(Stored data)
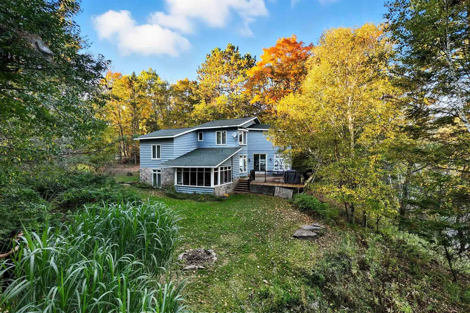 Nestled on scenic Mary Lake in Huntsville's coveted Chain of Four Lakes, this fully winterized waterfront retreat offers 330 ft of shoreline and 1.3+ acres of gently sloping & level, southeast-facing land with spectacular sunrises. The spacious 4+1 bdr & 3 bath home boasts an open-concept main level w/a large eat-in kitchen, dining and family room & walkout to a new private deck with unobstructed lake views. Primary bdr features a 4-pc Ensuite and serene lake vistas, while additional bedrooms provide plenty of space for family and guests. Enjoy a cozy sunroom, firepit area, two bunkies (one for sleeping, one for storage), and a premium dock system for effortless lake access. With 40+ miles of navigable waterways, this property is perfect for boating, swimming, and fishing. Complete with a Huntsville Short-Term Rental Accommodation (STRA) license, this rare offering blends privacy, comfort, and natural beauty ideal for year-round living or investment.
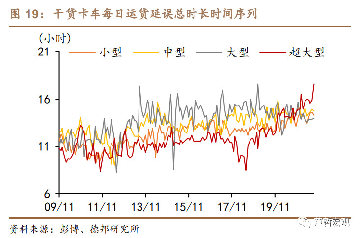 而由於集裝箱在港口無法完成有效卸貨,導致部分商品無法從進口商或者批發商處有效地向下傳導,使得缺運力的問題進一步演化成缺貨的問題。對於乾貨卡車而言,體型越大,意味着缺貨的概率越大,即運貨的停留與延誤時長越大。這進而加劇了貨物從進口商或批發商向下遊的交付時間與客户庫存的減少。
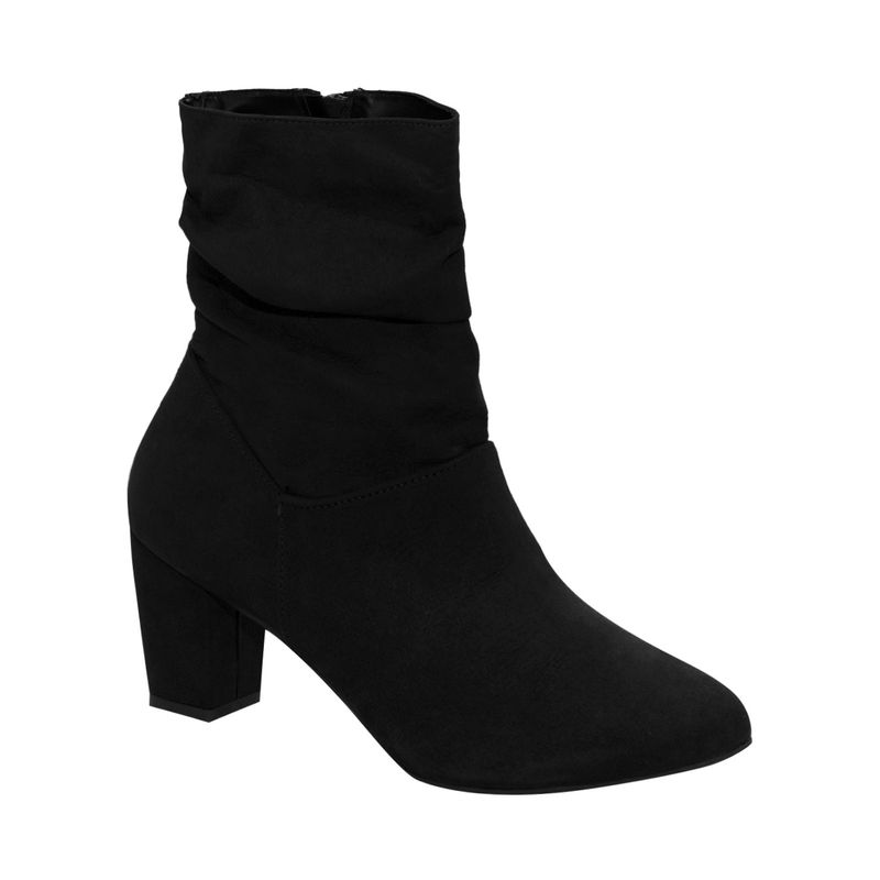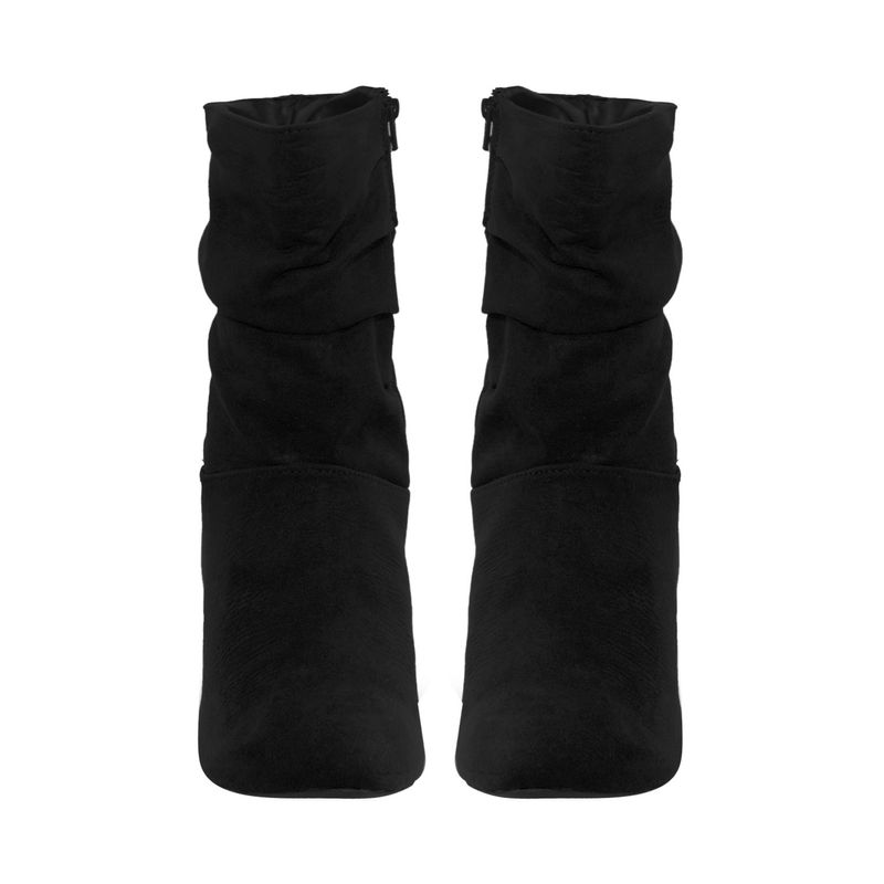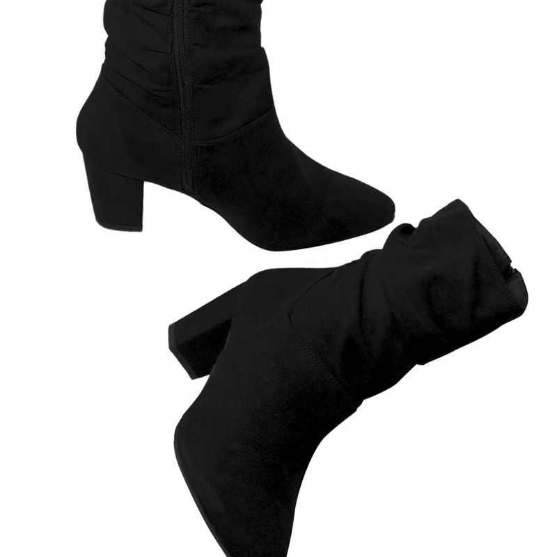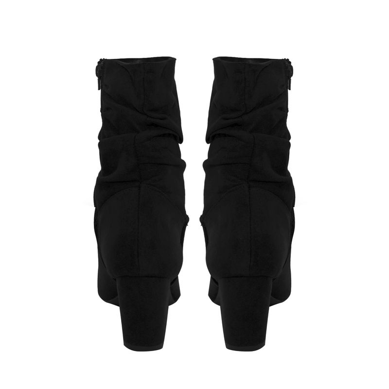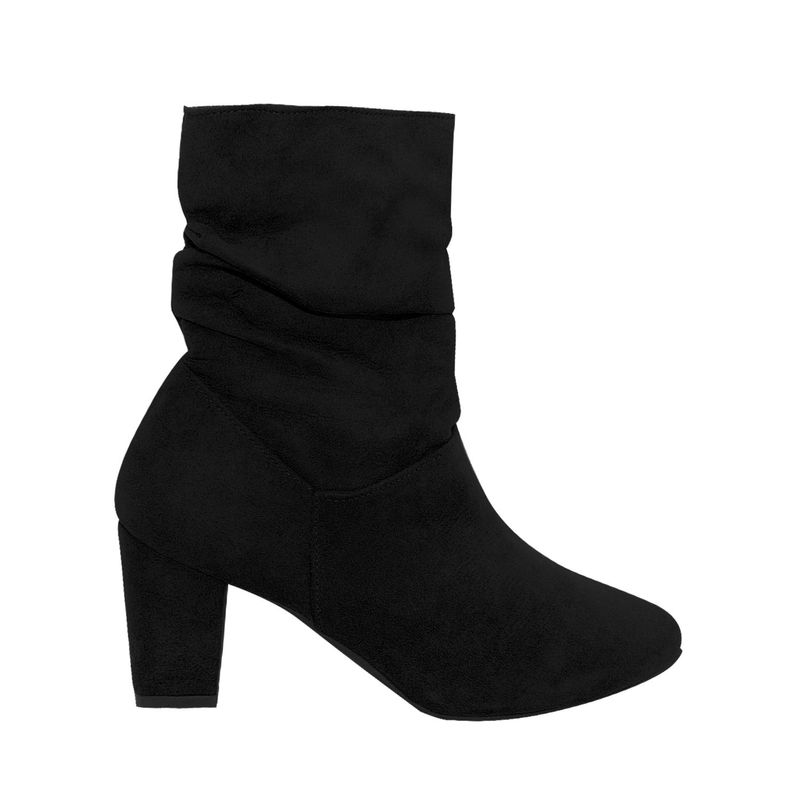 Amamos este par de botines que son ideales para complementar tu look y mantenerte cómoda en cualquier ocasión. Este par tiene textura de gamuza y tacón cuadrado para que la comodidad no sea un tema. Vas a amar por completo este par. Características: Material sintético | Color Negro |Altura tacón 8 cm
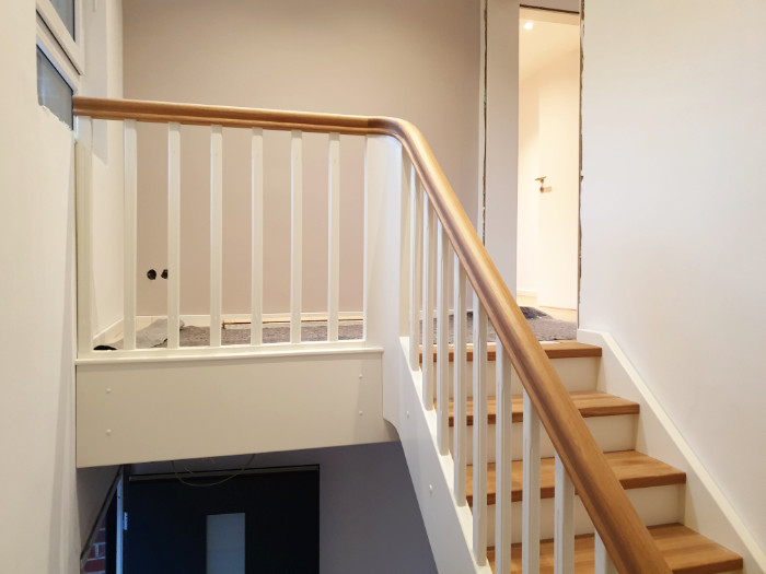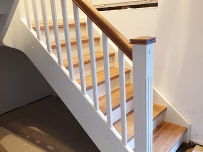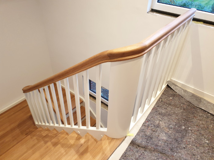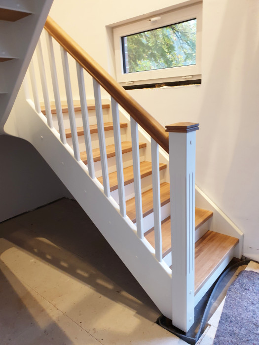 Beidseitig eingestemmte Podesttreppe, 1/2 gewendelt, Holzart: Eiche-weiß, Setzstufen, Krümmlinge
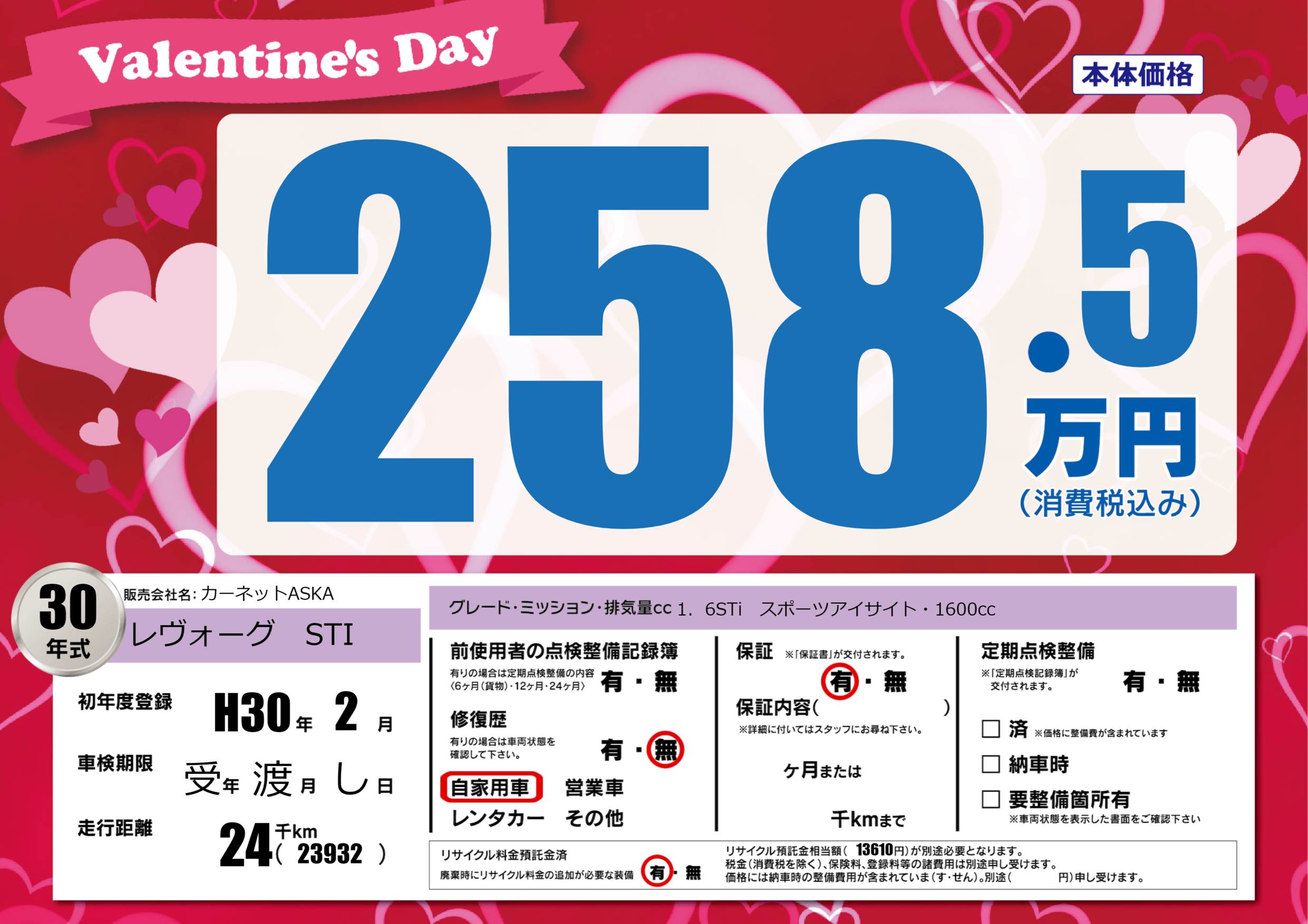 | 車名 | レヴォーグ STI | グレード ミッション 排気量 |
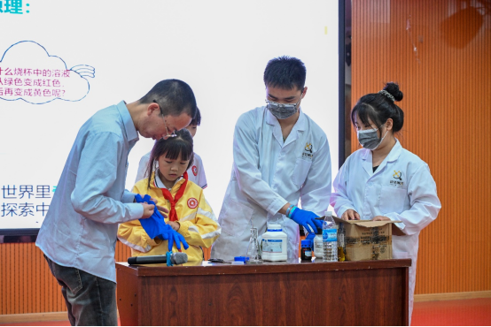 廖金生教授的讲座中,孩子们通过化学科普了解到绚丽变幻莫测的灯光秀背后的神奇奥秘。在随后的科普实验环节,奈飞工厂
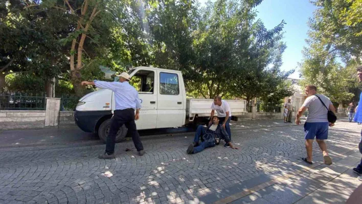 Tekirdağ Çorlu’da cami avlusunda budamak için çıkığı ağaçta dengesini kaybederek düşen belediye işçisinin bacağına demir çubuk saplandı.
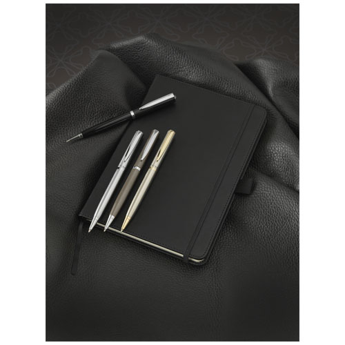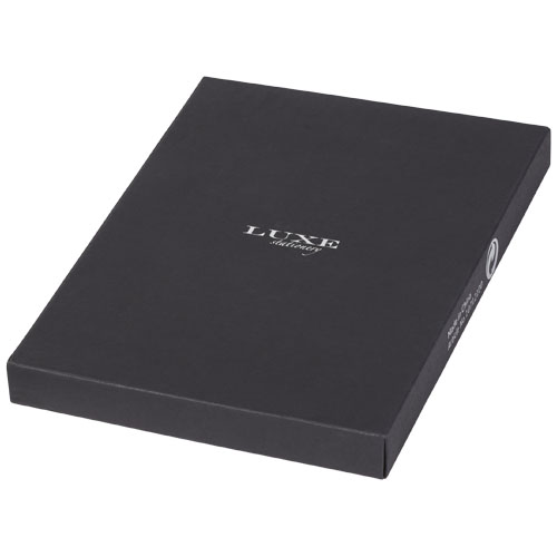 Taccuino con design esclusivo (formato A5) caratterizzato dalla carta da 80 g/m², 80 fogli a righe di color crema con tasca posteriore interna e porta penna. Confezionata in una scatola regalo "LUXE".
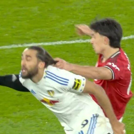马丁内斯在曼联对阵利兹联的比赛中拉扯勒温的辫子,随后被主裁判红牌罚下。
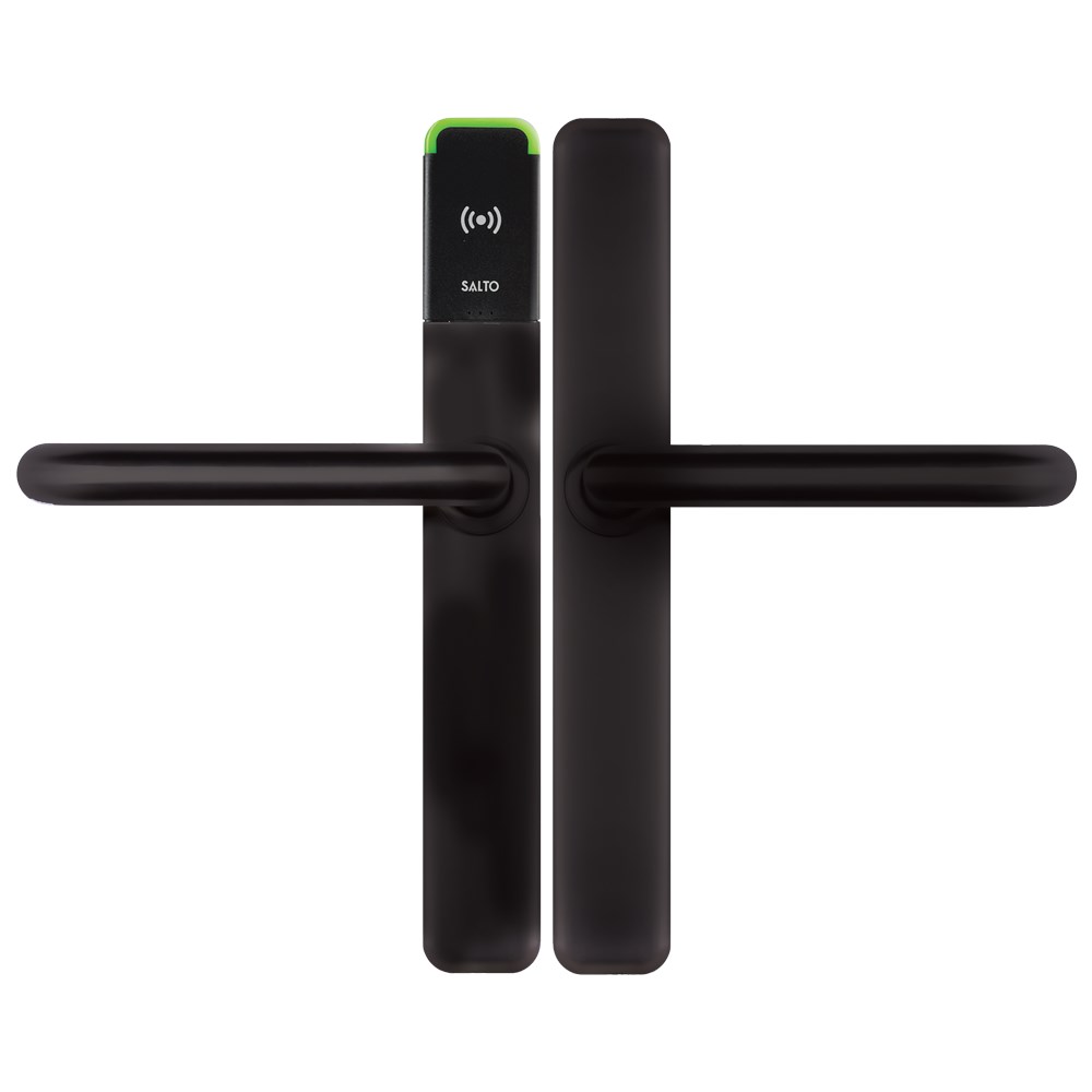 SALTO XS4 ONE Escutcheon with Z Handles, HSE, BLE and Mifare DESfire, 7.6mm Spindle, Black Finish with Black Reader suit 42-47mm Door, For Indoor Use.
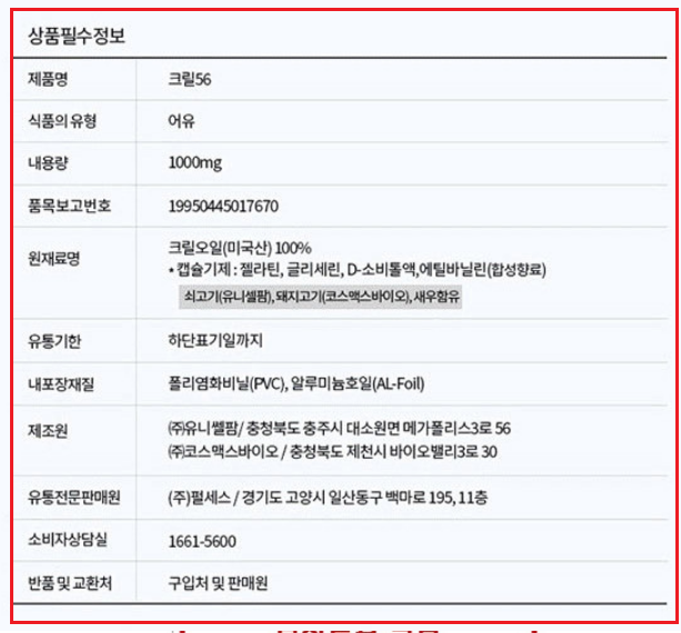 사실 크릴오일 사태(?)때도 펄세스 크릴오일 56은 적합 판정을 받았다고 합니다.
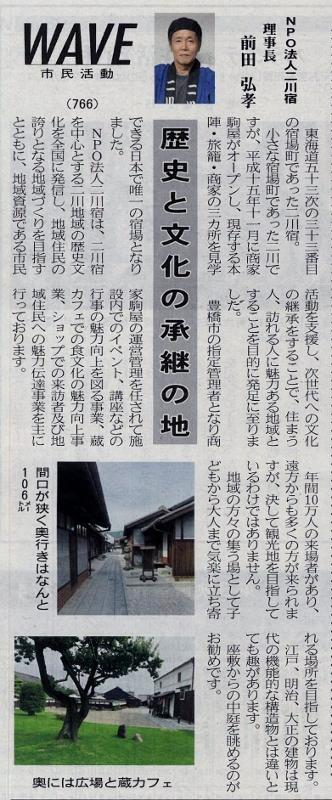 商家駒屋 投稿日時 : 2020/07/04 主担 カテゴリ:今日の出来事 (令和2年7月4日 東日新聞より) 二川宿本陣資料館より旧街道を東に行くと商家駒屋があります。昔の建物や蔵だけでなく、おしゃれなカフェなどもあります。そして、前田氏には、二川中学校にも、体育祭や文化祭などの折に、毎年ボランティアとして携わっていただいています。 {{options.likeCount}} {{options.likeCount}}
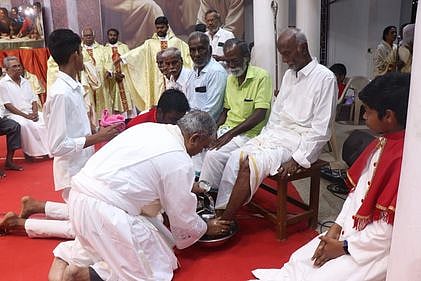 தஞ்சாவூா் திரு இருதய பேராலயத்தில் வியாழக்கிழமை மாலை நடைபெற்ற புனித வியாழன் சிறப்பு வழிபாட்டில் 12 முதியவா்களின் பாதங்களை மறை மாவட்ட ஆயா் டி. சகாயராஜ் அடிகளாா் கழுவி, முத்தமிட்டாா்.
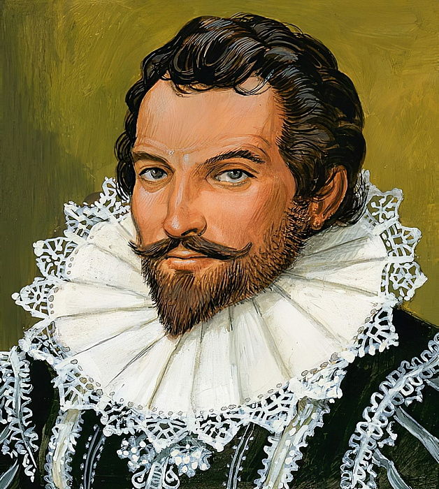 Unter den Freibeutern und wagemutigen Kapitänen, die die englische Königin umgaben, fand sich auch ein Mann mit hohen Ambitionen, scharfem Verstand…und schneidigem Aussehen. Kein Wunder, dass bei Hofe die Gerüchte um gingen, dieser ebenso gut aussehende, wie gefährliche Pirat hätte etwas mit der unverheirateten Königin. Wie auch immer, Elisabeth übertrug , nach dem Tod von Kapitän Gilbert, die Patentbriefe auf eben diesen Mann,Walter Raleigh.

GOAL OF THE EXERCISE
Return only the part above that opens with the line containing "사실 크릴오일 사태(?)때도" and closes with the line containing "商家駒屋 投稿日時 : 2020/07/04", exactly and with both ends, skipping the pictures.

RESPONSE AREA
 사실 크릴오일 사태(?)때도 펄세스 크릴오일 56은 적합 판정을 받았다고 합니다.
 商家駒屋 投稿日時 : 2020/07/04 主担 カテゴリ:今日の出来事 (令和2年7月4日 東日新聞より) 二川宿本陣資料館より旧街道を東に行くと商家駒屋があります。昔の建物や蔵だけでなく、おしゃれなカフェなどもあります。そして、前田氏には、二川中学校にも、体育祭や文化祭などの折に、毎年ボランティアとして携わっていただいています。 {{options.likeCount}} {{options.likeCount}}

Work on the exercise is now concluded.